How old is the filament? If you've had it a long time perhaps its taken on too much water (once things get to a certain point it can irreversibly make the filament print poorly, even if you try to dry it)

I'm not super knowledgeable myself, but I hope someone here is able to provide useful guidance

[-] stooovie@lemmy.world 2 points 1 year ago

Completely new and dried for 24 hours in a dedicated dryer. Thanks.

[-] Cris_Color@lemm.ee 1 points 1 year ago

Gotcha. Good luck finding answers, and If you figure something out on your own time I'm sure folks would love it if you reported back with your findings.
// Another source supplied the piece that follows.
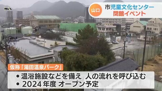 センターの跡地には「多世代交流・健康増進拠点施設」、仮称「湯田温泉パーク」が建設されます。温浴施設などを備え、人の流れを呼び込む拠点としていて、2024年度にオープンする予定です。

Hopefully someone has some helpful insight :)

[-] stooovie@lemmy.world 2 points 1 year ago
[-] Cris_Color@lemm.ee 2 points 1 year ago
[-] tyrant@lemmy.world 3 points 1 year ago

I'd personally try a sample coil from somewhere to rule out potential filament age/moisture/contamination.

[-] Trainguy@lemmy.world 2 points 1 year ago

These are very edge-case, and I only mention it because you had a lot of helpful details that eliminated stuff, but could the gap between the extruder drive and the hotend opening be too far apart? I've had a problem kind of similar where it would jam up the filament there. Otherwise, the other outlandish thing I could think of is maybe the inside of the hotend is pitted and damaged, but that is not as likely.
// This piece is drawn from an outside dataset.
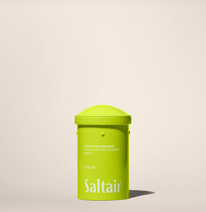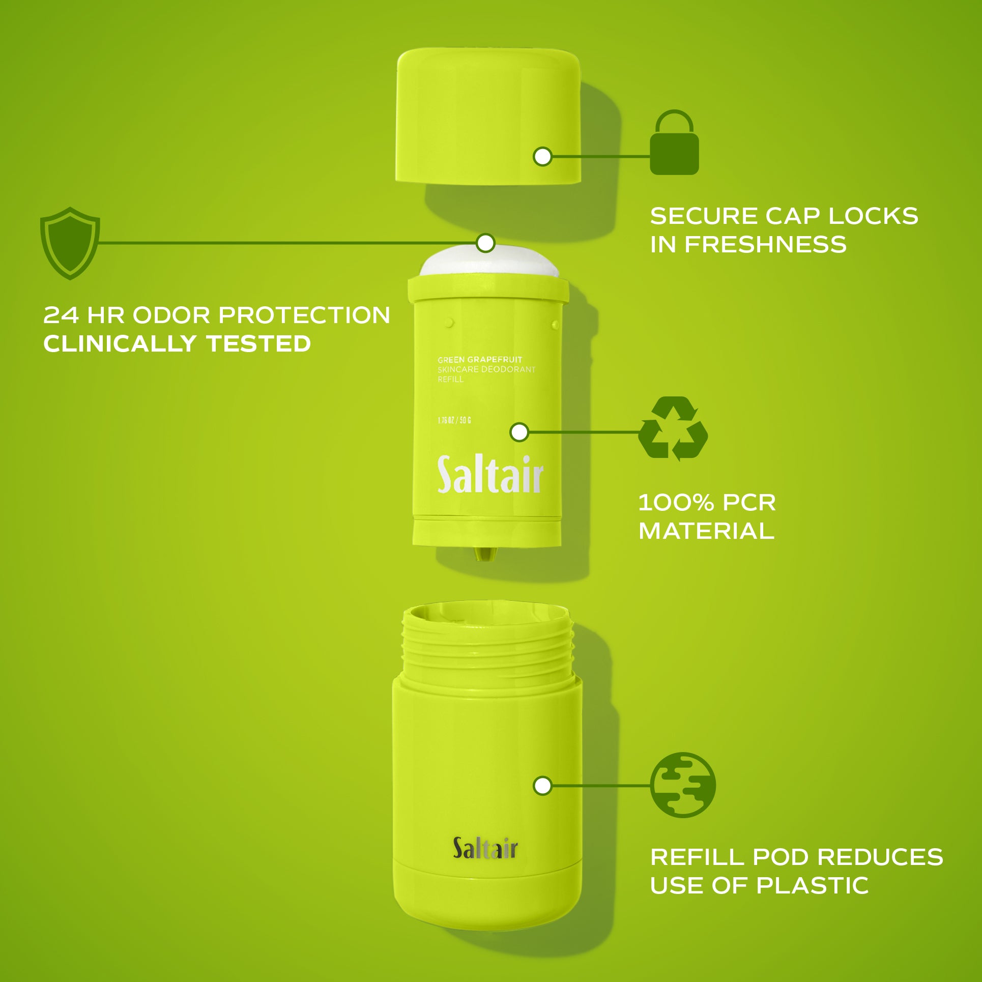 Our next-generation. Green Grapefruit refillable skincare deodorant utilizes skin activated acidification to keep odor at bay. Formulated with BHA. zinc ricinoleate. nourishing oils and algae to help neutralize odor. this product keeps you feeling fresh for long-lasting performance.

I hope this helps at all, or maybe gives you some kind of idea. Good luck!

[-] franzfurdinand@lemmy.world 2 points 1 year ago

What retraction settings do you have? I'm wondering if maybe that's contributing to your jamming.

[-] stooovie@lemmy.world 1 points 1 year ago

SOLUTION: runs contrary to common knowledge, but what ultimately helped was:

  • INCREASING print speed. The usual recommendation is the slower the better, but at that point, there's no pressure control over the filament
  • ENABLING retraction. Again, usual rec is to disable it for flexibles but turns out it alleviates too much backpressure which leads to filament buckling in the extruder

Also printing hotter than mfg recommends: I printed at 260 (10C over recommended maximum).

Thanks to u/Over_Pizza_2578 for pointing me to the right - opposite to everything else - direction.

[-] CmdrShepard@lemmy.one 1 points 1 year ago

Are you using a bi-metallic headbreak? I've heard these can make it very difficult to print with TPU (at least with my Volcano style extruder on the Sidewinder X2), though I don't have any experience with it myself.

[-] stooovie@lemmy.world 1 points 1 year ago

Yes, this is probably adding to the situation.

[-] monotremata@kbin.social 1 points 1 year ago

So, one thing to consider is whether you could have remnants of a previous filament getting stuck in your hotend and carbonizing and causing partial clogs. That depends a bit on what you were running just before running this filament. If this is the issue, a cleaning filament can help. Another possibility is that your nozzle isn't tight against the heatbreak, in which case plastic can accumulate there and cause issues. The only way to fix that is to disassemble the hotend and put it back together correctly--this usually involves tightening the nozzle when it's hot, but check the details for your specific printer.

But yeah, it could also just be bad filament. That's probably the easiest thing to fix, anyway.